Looking much better!


----------



## DSchlauch (Jun 25, 2018)

@kur1j 
Started to see improvements @ 6-8 days after fungicide. I think my issue ended up being a combination of fungus and some bronzing from PGR. I would imagine the PGR could have influenced the recovery time from the fungus as well. I'm going to be adjusting my PGR rates going forward and double checking my calibration.


----------



## kur1j (Jul 2, 2017)

@DSchlauch Ah, good to know. I haven't applied PGR yet so I know it couldn't be that. Only thing I've done to my yard so far is cut+groomer, weeds, and fertilizer, granted haven't applied any weed killer in 1.5 months as the only thing I have is nutsedge currently and its only in a few places. Will be taking care of that tomorrow.


----------



## Spammage (Apr 30, 2017)

@DSchlauch I don't think the coloration had anything to do with the PGR app. However, if you over applied and stressed the grass, you could have reduced it's ability to fight off the fungus.


----------



## DSchlauch (Jun 25, 2018)

@Spammage Take a look at this. This is in my back yard taken this evening, 7.7.18 @ 7PM.

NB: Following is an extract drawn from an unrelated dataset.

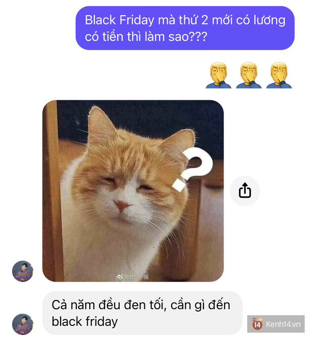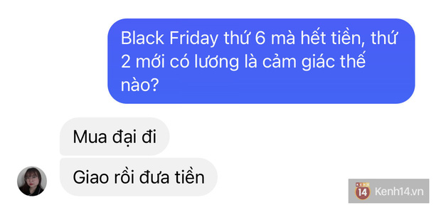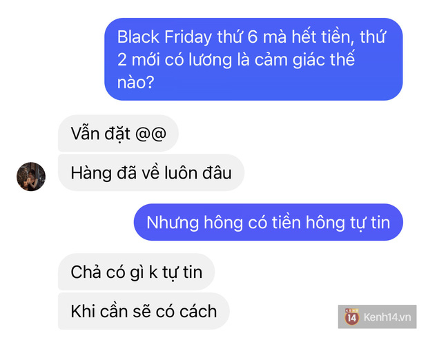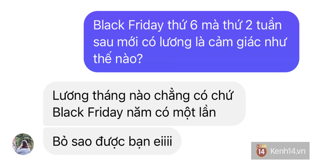 Tuy nhiên, đời thỉnh thoảng cũng hay trêu ngươi người ta. Sẽ ra sao nếu nay Black Friday mà tới tuần sau bạn mới có lương? Bạn hiểu hông, nghĩa là giờ phút cuối tháng này, tài chính của bạn đã tới mức cạn kiệt rồi mà giỏ đồ bạn định mua vẫn chất đầy đấy. Đó là cảm giác gì và phải giải quyết ra sao, cùng chat nhanh với một vài nam thanh nữ tú để biết câu trả lời nhé!

The only thing put on the lawn was PGR @ .25 oz/k on 6.26.18. I just don't get it. It's frustrating. I've triple checked my calibration so all I know to do is drop the rate in half for the next app I guess and see what happens.


----------



## Spammage (Apr 30, 2017)

DSchlauch said:


> @Spammage Take a look at this. This is in my back yard taken this evening, 7.7.18 @ 7PM.
> 
> 
> 
> ...


I'm not telling you not to do that, but the pics still look like fungal issues to me.


----------



## RandyMan (May 17, 2018)

Dont use those blue bottles..I have been fighting fungus in my yard the last 2 months too.I spent over $100 on those blue bottles and seen some improvement but still have it .Well after a little researching I found out that those blue bottles only have 2% active ingredient(Propiconazole) in it.No wonder I am still having problems  I am finding out that the box stores sell many products this way, like round up and herbcides..I bought a 1 gallon of 14% active ingredient online for $88..That will last me for a long time and Ill ill be throwing down ALOT more active ingredient to hopefully do away with this fungus for good.


----------



## DSchlauch (Jun 25, 2018)

@Spammage 
@RandyMan 
Roger that. I'm going to hold off on applying anything other than fungicide and see if I can get this figured out. Thanks again


----------